WORK REQUIRED: Please repeat, exactly and without pictures, the lines of the entries below that run from the one containing "融资方面,当日融资买入264" through the one containing "Linnenlook minimalistische menukaart.".

DATA EXCERPTS:
────────────────

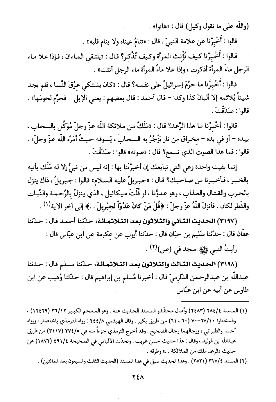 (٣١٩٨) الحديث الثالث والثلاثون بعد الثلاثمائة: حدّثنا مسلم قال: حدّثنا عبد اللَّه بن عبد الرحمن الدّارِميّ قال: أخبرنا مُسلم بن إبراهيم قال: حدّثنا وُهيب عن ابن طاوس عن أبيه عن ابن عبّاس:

────────────────

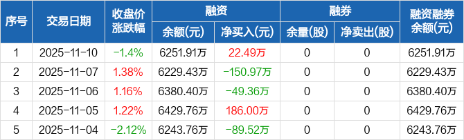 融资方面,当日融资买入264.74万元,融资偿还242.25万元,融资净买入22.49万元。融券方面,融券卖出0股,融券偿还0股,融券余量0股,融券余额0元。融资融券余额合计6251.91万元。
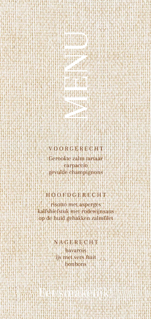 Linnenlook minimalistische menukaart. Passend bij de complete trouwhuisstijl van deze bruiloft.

────────────────

RESULT FOR THIS EXERCISE:
 融资方面,当日融资买入264.74万元,融资偿还242.25万元,融资净买入22.49万元。融券方面,融券卖出0股,融券偿还0股,融券余量0股,融券余额0元。融资融券余额合计6251.91万元。
 Linnenlook minimalistische menukaart. Passend bij de complete trouwhuisstijl van deze bruiloft.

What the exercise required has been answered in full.